** Opening Exercise data block **

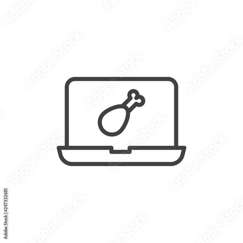 Online food delivery screen line icon. linear style sign for mobile concept and web design. Laptop monitor with chicken leg outline vector icon. Symbol logo illustration. Pixel perfect vector graphics
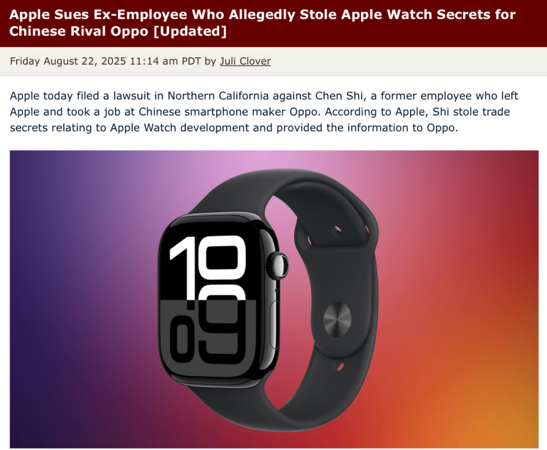 近日,外媒报道称苹果向加州北区法院提交了一份诉讼,指控前Apple Watch传感系统架构师Chen Shi携带63份机密文件加入OPPO。
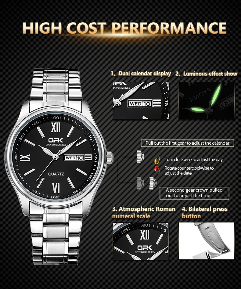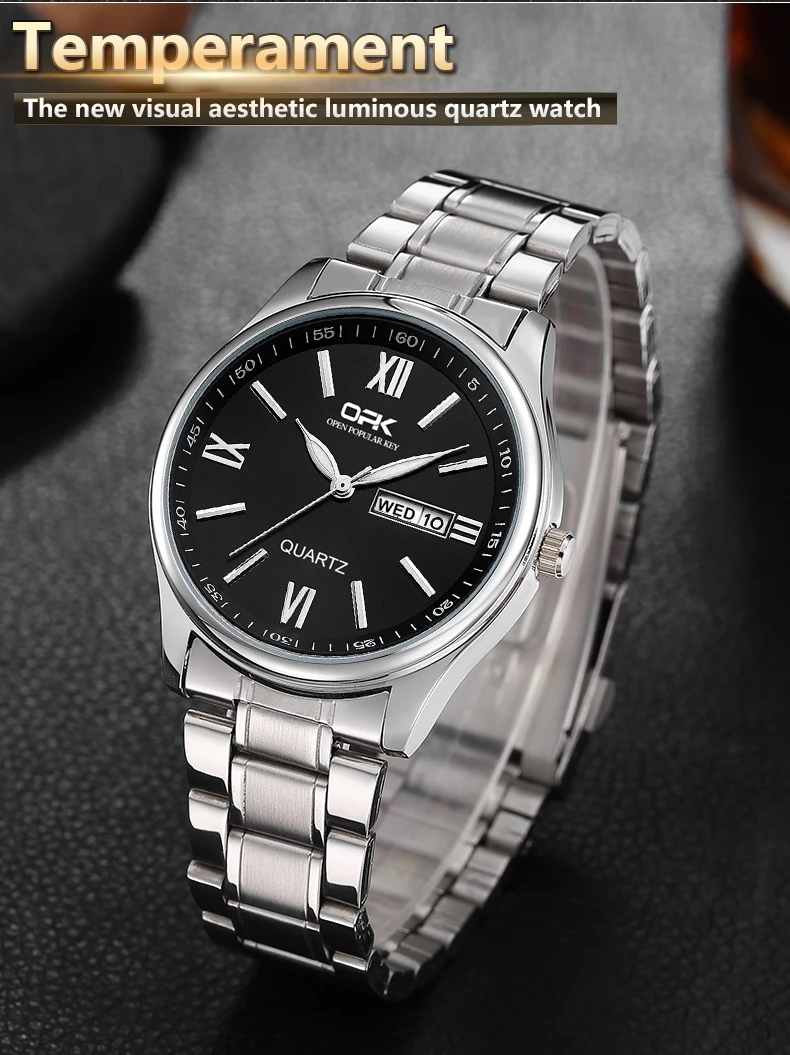 Opk 8123 Herren uhr Mode Original Quarz Armbanduhr wasserdichte Leucht uhren für Herren Dual Kalender Display Reloj Hombre
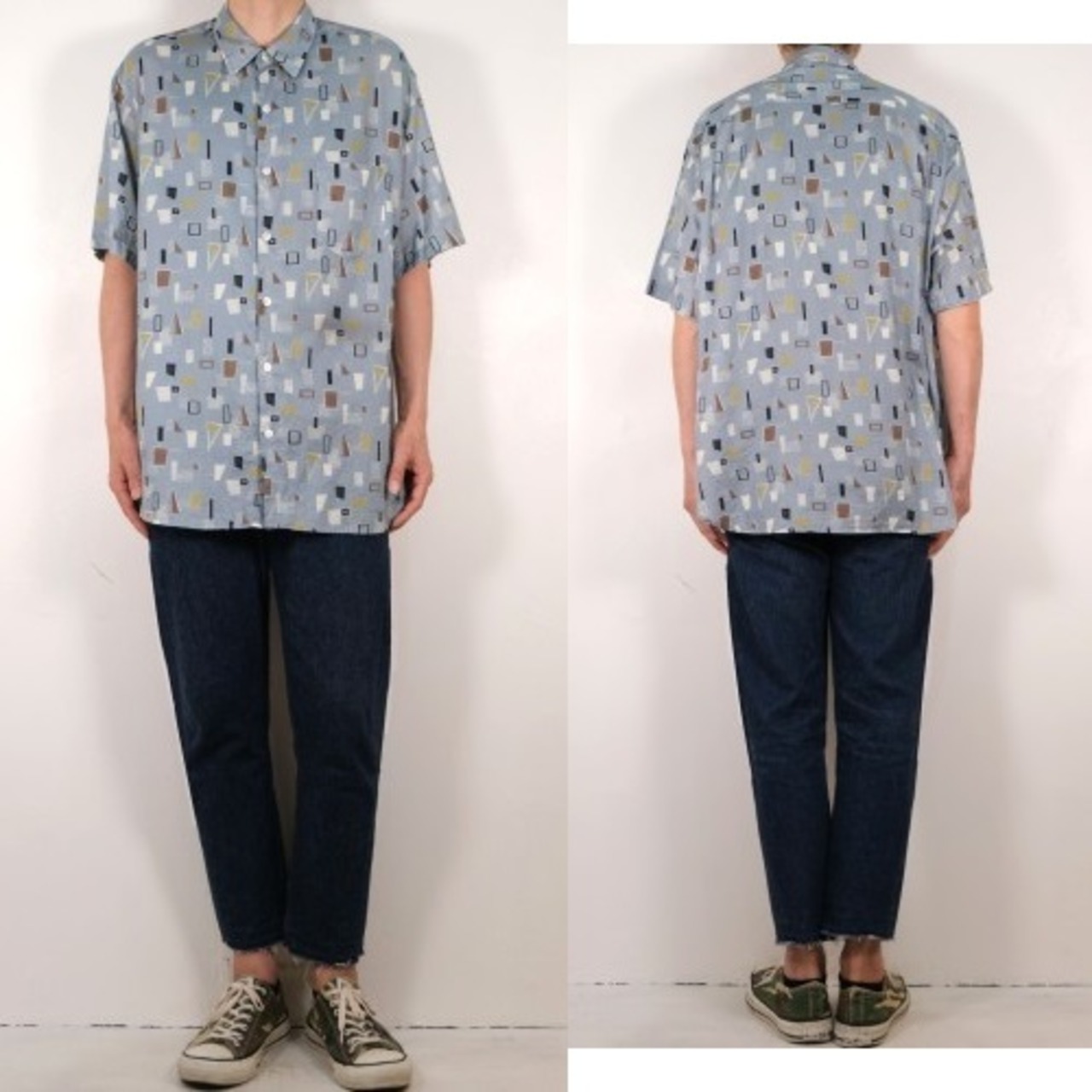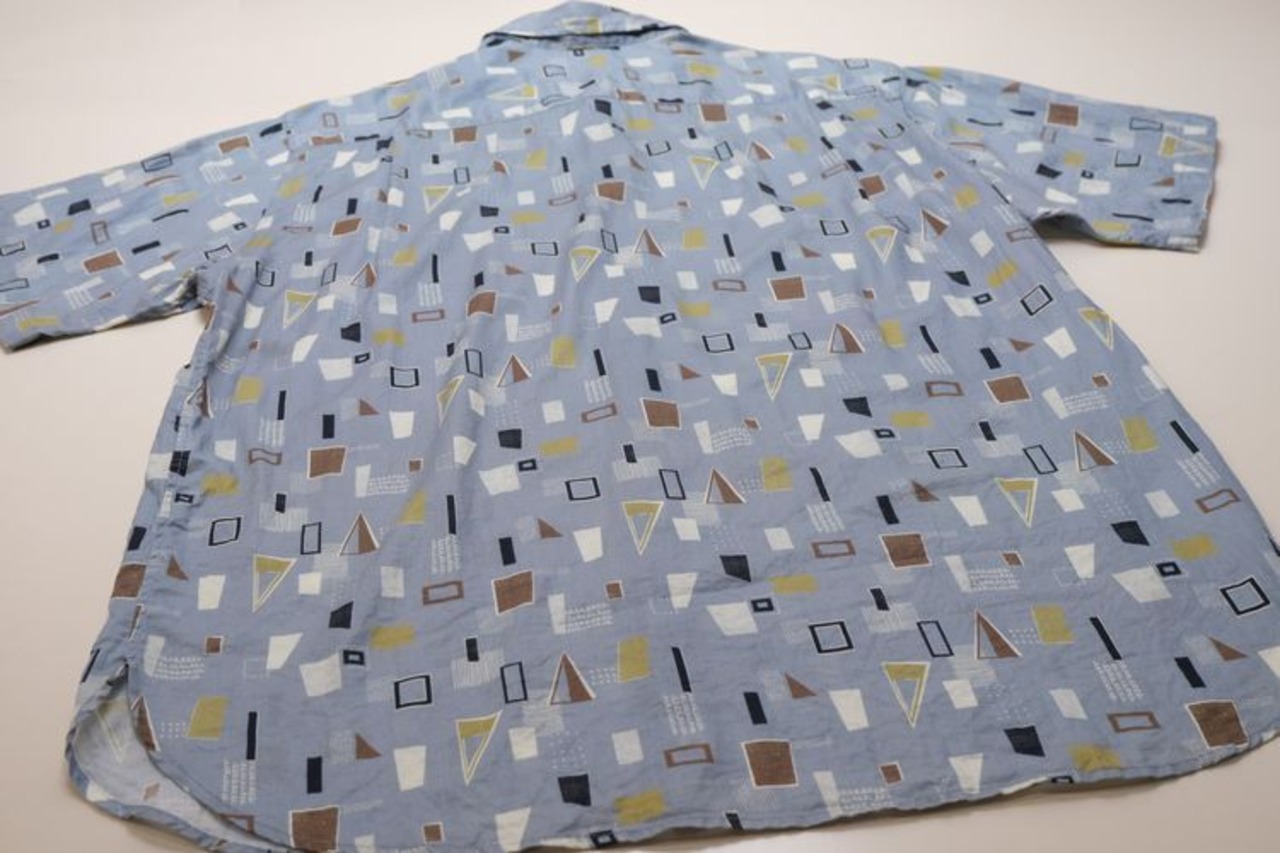 1999年にオリジナル・コレクションとして誕生したニューヨークを代表するブランド"Steven Alan"『スティーブン・アラン』から日本製の半袖シャツ。薄手でやわらかな肌触りの100%コットン(表記なし)を使用し、ライトブルーの淡い色味に幾何学模様を散りばめた柄がたいへんカジュアルな雰囲気のアイテムです。首まわりをすっきりと見せた小ぶりな襟、ざっくりとしたボリュームのあるシルエットと身体のラインにくったりと馴染む着心地の良さも魅力となっています。着用の上で問題となるダメージや汚れはございませんが、左腹部に薄っすらとした汚れ、全体的に着用による色褪せや毛羽立ちのあるUSEDコンディションですのでご理解の上ご検討ください。カジュアル感もありながら発色を抑えた落ち着いた色味がたいへん良く、程よい大人っぽさで着用していただける1本です。

** Closing Exercise data block **

Action item: All lines of the material above should be returned unchanged, but no pictures should be included.

Problem solution:
 Online food delivery screen line icon. linear style sign for mobile concept and web design. Laptop monitor with chicken leg outline vector icon. Symbol logo illustration. Pixel perfect vector graphics
 近日,外媒报道称苹果向加州北区法院提交了一份诉讼,指控前Apple Watch传感系统架构师Chen Shi携带63份机密文件加入OPPO。
 Opk 8123 Herren uhr Mode Original Quarz Armbanduhr wasserdichte Leucht uhren für Herren Dual Kalender Display Reloj Hombre
 1999年にオリジナル・コレクションとして誕生したニューヨークを代表するブランド"Steven Alan"『スティーブン・アラン』から日本製の半袖シャツ。薄手でやわらかな肌触りの100%コットン(表記なし)を使用し、ライトブルーの淡い色味に幾何学模様を散りばめた柄がたいへんカジュアルな雰囲気のアイテムです。首まわりをすっきりと見せた小ぶりな襟、ざっくりとしたボリュームのあるシルエットと身体のラインにくったりと馴染む着心地の良さも魅力となっています。着用の上で問題となるダメージや汚れはございませんが、左腹部に薄っすらとした汚れ、全体的に着用による色褪せや毛羽立ちのあるUSEDコンディションですのでご理解の上ご検討ください。カジュアル感もありながら発色を抑えた落ち着いた色味がたいへん良く、程よい大人っぽさで着用していただける1本です。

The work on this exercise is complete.